Analysis of Functional Annotation (AFA). Heat-map showing AFA results for KEGG pathways. Color-coded values correspond to absolute values of base 10 logarithms of raw P-values from the Wilcoxon rank sum test. Vertical blue lines show the same data as a histogram value for each color intensity. All pathways shown proved to be enriched in at least one comparison (adjusted P-value < 0.05). Rows were clustered using Euclidian distance and the average clustering method; columns were not reordered. Several pathways showed significant results changes in all comparisons, although different sets of genes proved to be responsible for the enrichment, while a number of pathways (i.e. Keratan sulfate biosynthesis) proved to be enriched in a subset of the contrasts considered (see Supplementary Tables A–C for genes involved and analysis of additional functional scopes, including Gene Ontology).

Figure 4

Comparison between laboratory model samples and primary small cell lung cancer (SCLC) specimens. (A) Venn diagram showing the number of differentially expressed genes (adjusted P-value < 0.005) in direct comparisons among primary xenografts (XG), the matched cell lines (CL), the xenografts obtained from these cell lines (CLX) and the group of primary SCLC. A group of 543 genes proved to be differentially expressed between all laboratory model groups (XG, CL, and CLX) and the primary SCLC. This group of genes accounts for genes expressed in cell types present only in primary tumors, such as genes expressed in lymphocytes, stromal cells present in the primary SCLC, and represent the difference in complexity between specimens obtain in vivo with respect to the laboratory models. A number of genes proved different between each group (XG, CL, and CLX) and the primary SCLC: only 91 genes were differentially expressed between XG and SCLC, while 174 were genes differentially expressed between CL and CLX and SCLC. (B) Hierarchical clustering of all pairwise squared correlations between individual samples, based on gene expression levels after barcode-RMA and quantile normalization. Individual primary Small Cell Lung Cancer (SCLC, cyan), primary xenografts (XG, purple), cell lines (CL, green), and xenografts from these cell lines (CLX, blue) are shown. Correlations were computed using all genes (181) that proved to be differentially expressed (adjusted P-value < 0.05) in any comparison between XG, CL, and CLX and that were present in all platforms. Overall the primary xenografts (XG) proved to be more correlated with the primary SCLC than any other sample.

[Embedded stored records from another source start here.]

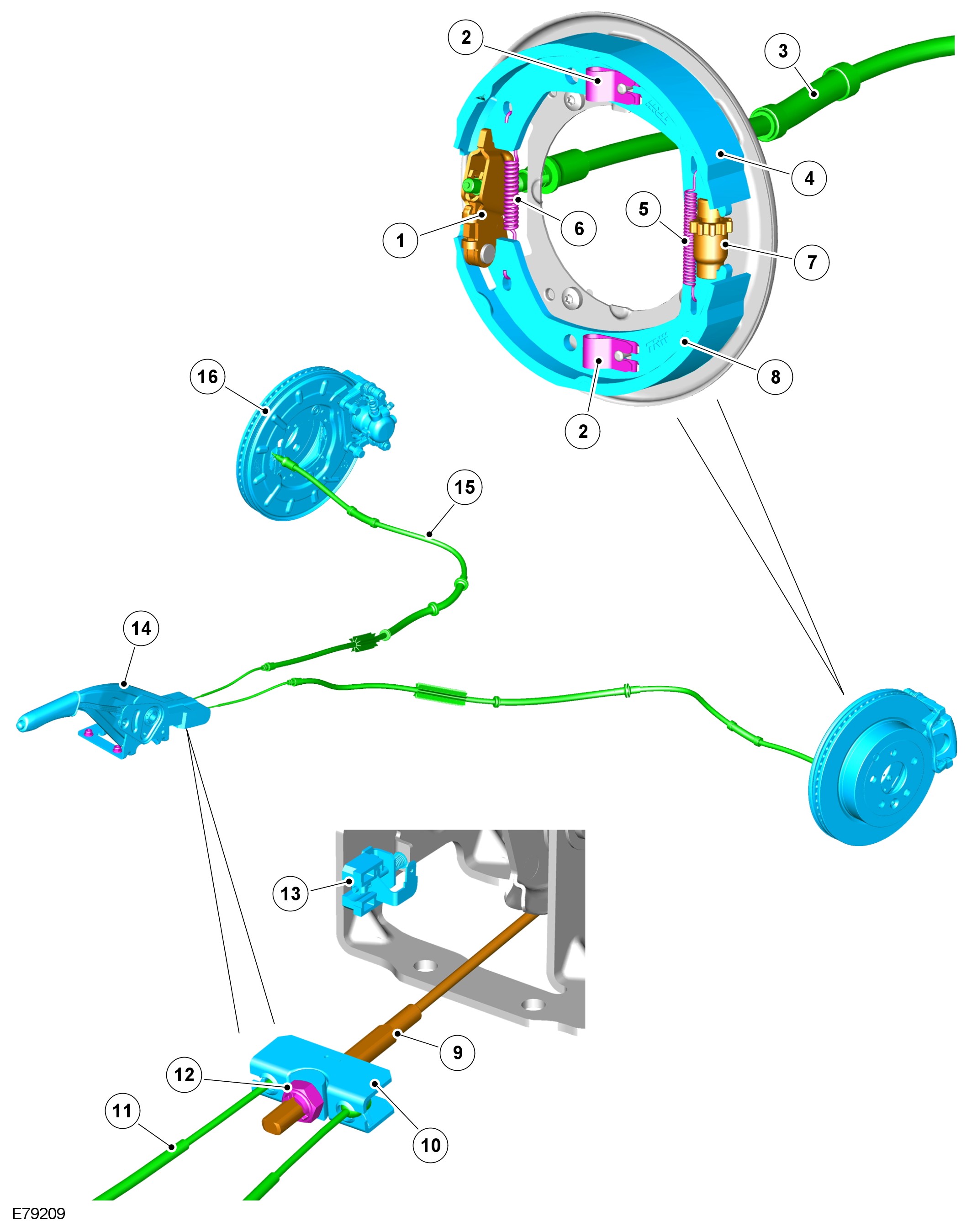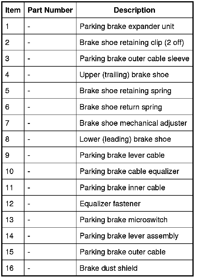 The parking brake is a manually actuated system that operates brake shoes located in the rear brake discs. The inside center of the rear brake disc is manufactured to form the brake drum.
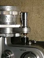 - Штатный объектив — «Гелиос-44» 2/58 мм с механизмом нажимной диафрагмы: при нажатии на спусковую кнопку она закрывается до рабочего значения. Кнопка диафрагмы, размещённая на оправе объектива, сопряжена со спусковой на передней стенке камеры по типу фотоаппаратов Exakta, Topcon, Alpa и Miranda[10];
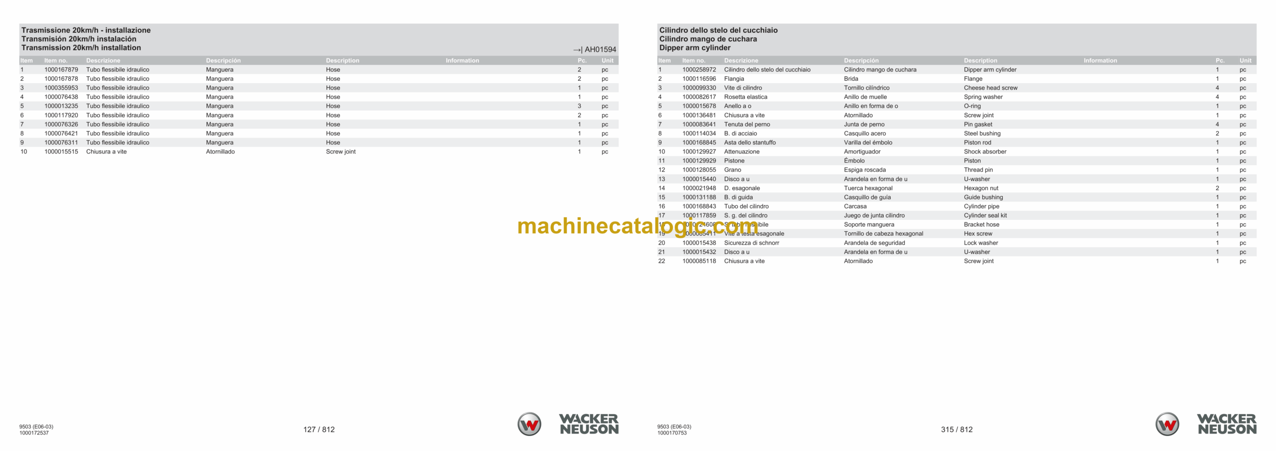 Wacker Neuson 9503 Wheeled Excavator Index:
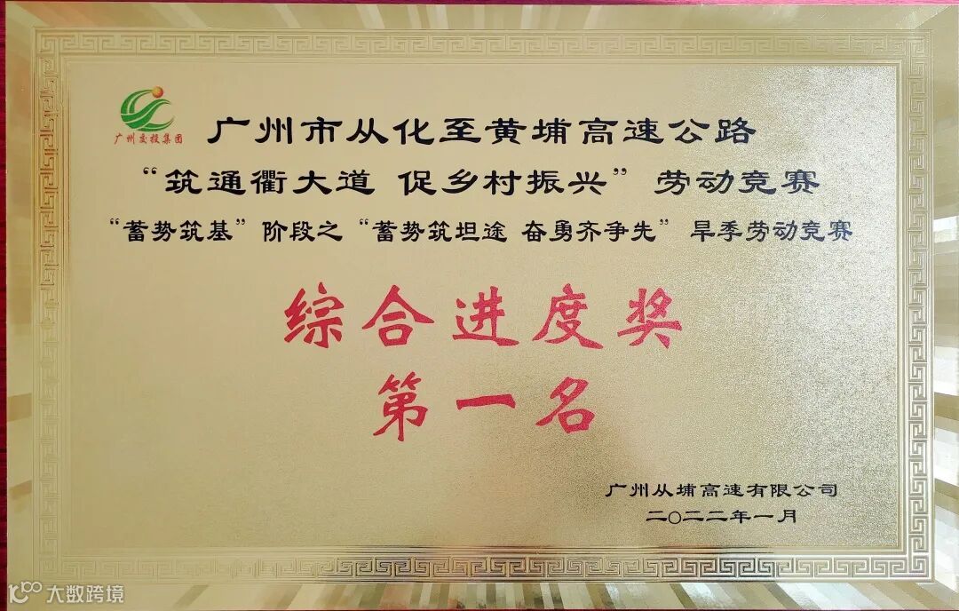 1月21日,广州从埔高速有限公司举行“蓄势筑基”阶段“蓄势筑坦途 奋勇齐争先”旱季劳动竞赛表彰会,中铁七局广州公司从埔项目荣获综合进度奖一等奖及关键节点奖,获得业主奖励230万元,三位项目管理人员获得“优秀建设人员”荣誉称号,公司党委副书记、总经理田德成出席会议并讲话。
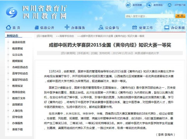 Beat365中文官方网站喜获2015全国《黄帝内经》知识大赛一等奖
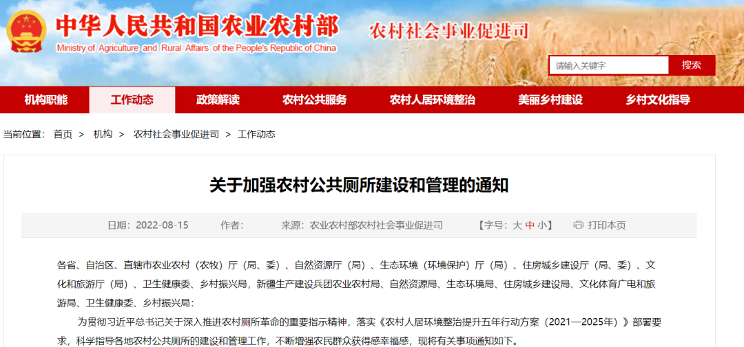 近日,农业农村部办公厅、自然资源部办公厅等多部门印发《关于加强农村公共厕所建设和管理的通知》。

Among primary xenografts (XG), the LX22 sample proved to be more correlated to primary SCLC than to its derivative CL and CLX. (C) Multidimensional scaling plot showing the relationships among all individual SCLC, XG, CL, and CLX samples. SCLC are shown in cyan, XG in purple, CL in green, and CLX in blue. The XG samples from LX22 patient proved to be the most similar to primary SCLC samples than to its derivative CL and CLX.

Figure 5

Validation of gene expression genes in the primary SCLC xenograft model. Expression levels in derivative cell lines (CL) and secondary xenografts (CLX) were compared to those in the corresponding primary xenograft, and are shown as the mean of paired data from all three xenograft lines (n=6). Error bars indicate standard errors. Genes selected from the microarray data (shown on the x axis) were upregulated (A) or downregulated (B) relative to expression in the primary xenograft samples. (C) Heat map expression analysis of BCL2-related genes in SCLC models. The RNA samples are listed as columns, and the genes in rows. The color scale represents the level of expression from low (blue) to high (orange).